When you try to cover-up a stinky thing, it is bound to sip through the cracks and reach somebody else’s nose sooner that you think. It happened today in our team. No, nobody emitted a reeking break wind (that’s just gross!).
It was a great mishap in our UAT (for user’s testing) environment. For the uninitiated in terms of IT things: when we develop systems, we have this environment for the users to test so that they can tell if the new system wasn’t that good enough or it needs more change before it could actually be used publicly. This environment should be owned by the operator and the development team shouldn’t have in anyway any access on it.
Somehow by freak of nature, some people working on one UAT environment noticed that all the authorities where changed – that it’s no longer owned by the operator and that the development team, pretty much, could do anything they want on it. So one on my boss tried to figure out what happened; there’s just five of us who knew about it – as we are working on it. She asked us to find a way to copy over the set-up from another UAT environment to this problematic one without the knowledge of the bigger boss. So, you see, she tried to hush it up – I could tell from the meetings we were having far from the big boss’s cubicle.

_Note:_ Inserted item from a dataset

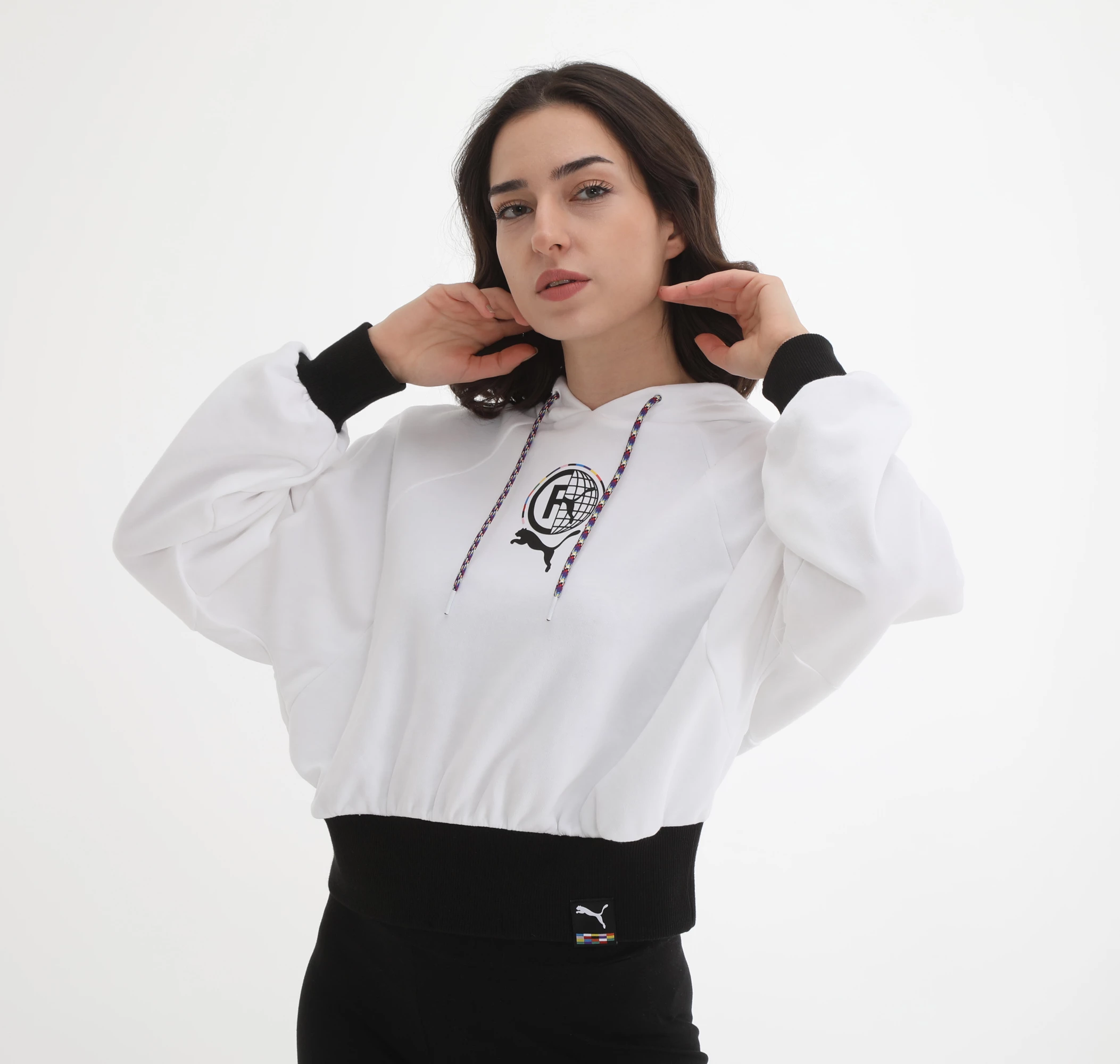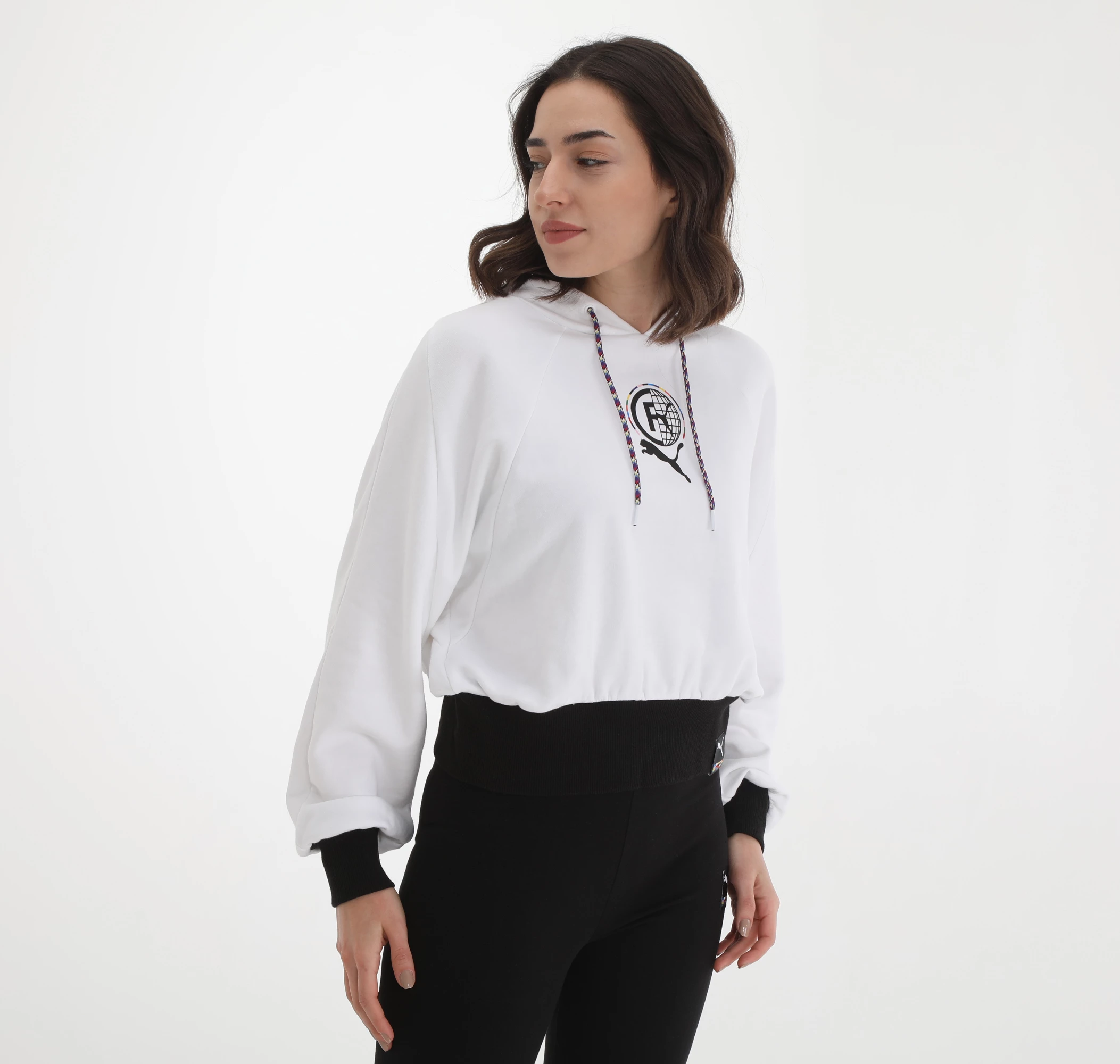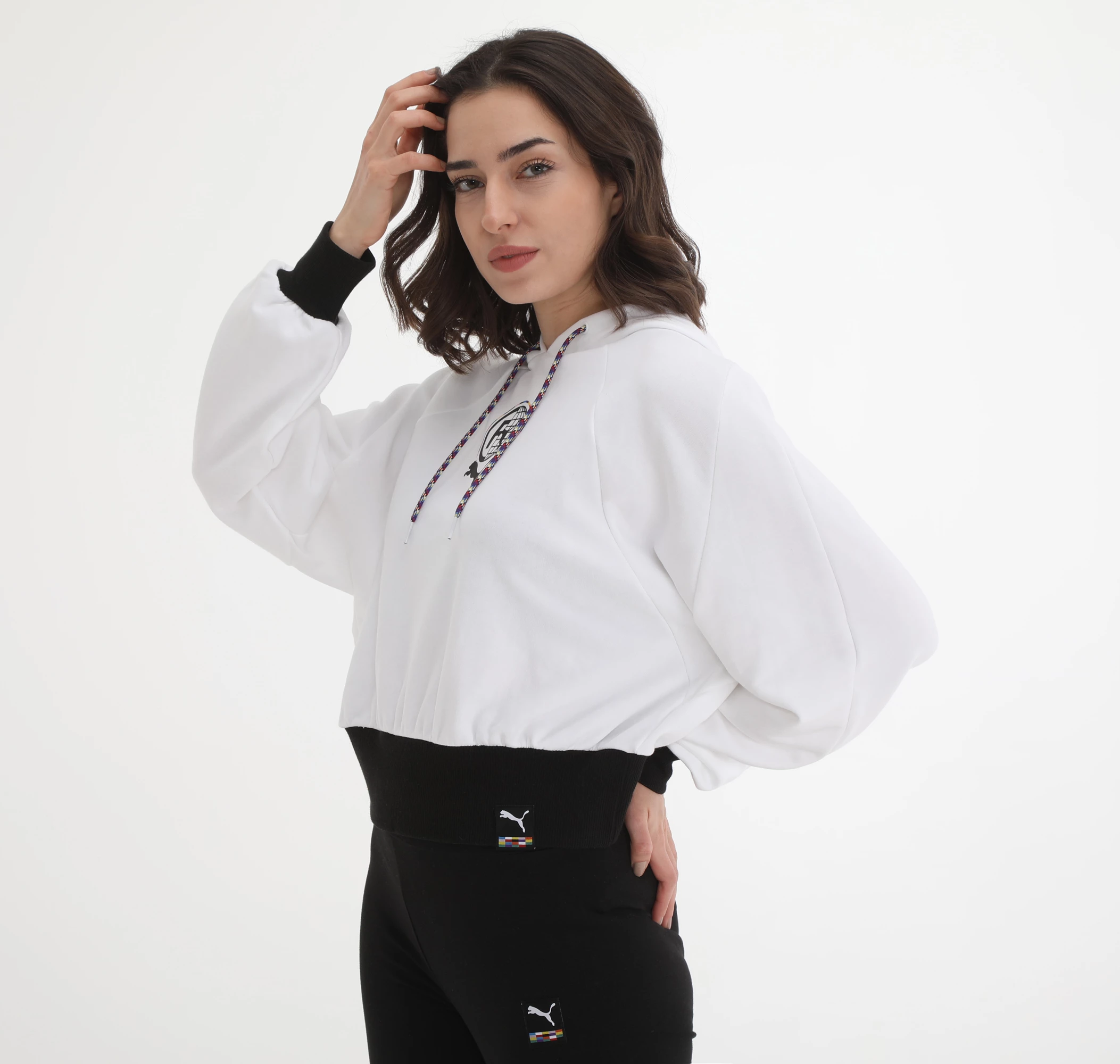 Needion - 599698-02 Puma Pı Hoodie Poppy Red Kadın Sweatshirt Beyaz Beyaz Siyah M
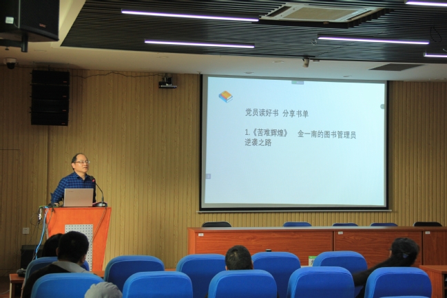 陈文滨对本次分享会进行点评,他指出图书馆党委组织开展的党员读好书分享会很有现实意义,希望基层党组织能持续开展形式多样、内容丰富的读好书活动,让更多人参与到读好书活动中。

However, we can’t proceed right away to rectify the problem as users are pumping data to this environment – they’re one group of people you wouldn’t want to mess with. So we waited for the right time, and at the same time identifying which is the best UAT environment we could copy from.
Then the dreadful email came today, which opened the can of worms. There’s another group in our team that will bring up changes to that environment and finally hit the error. As usual, they would investigate and finally the project leader of this group sent an email to everyone in our team, including the big boss (of course), asking what happened to this freakin’ environment.
Oh, I’m pretty sure all hell will break loose. Good thing is that I became a part of this after the fact; meaning we were the ones who first noticed the problem. So I’m part of that group wondering what happened. I haven’t heard any high voices coming from the big boss’s cubicle yet; maybe she still hasn’t read the email, or she’s still digesting it and tries to get over the shock.
1 comment:
you are definitely right in there. Good thing is the big boss didn't freaked out as I had expected.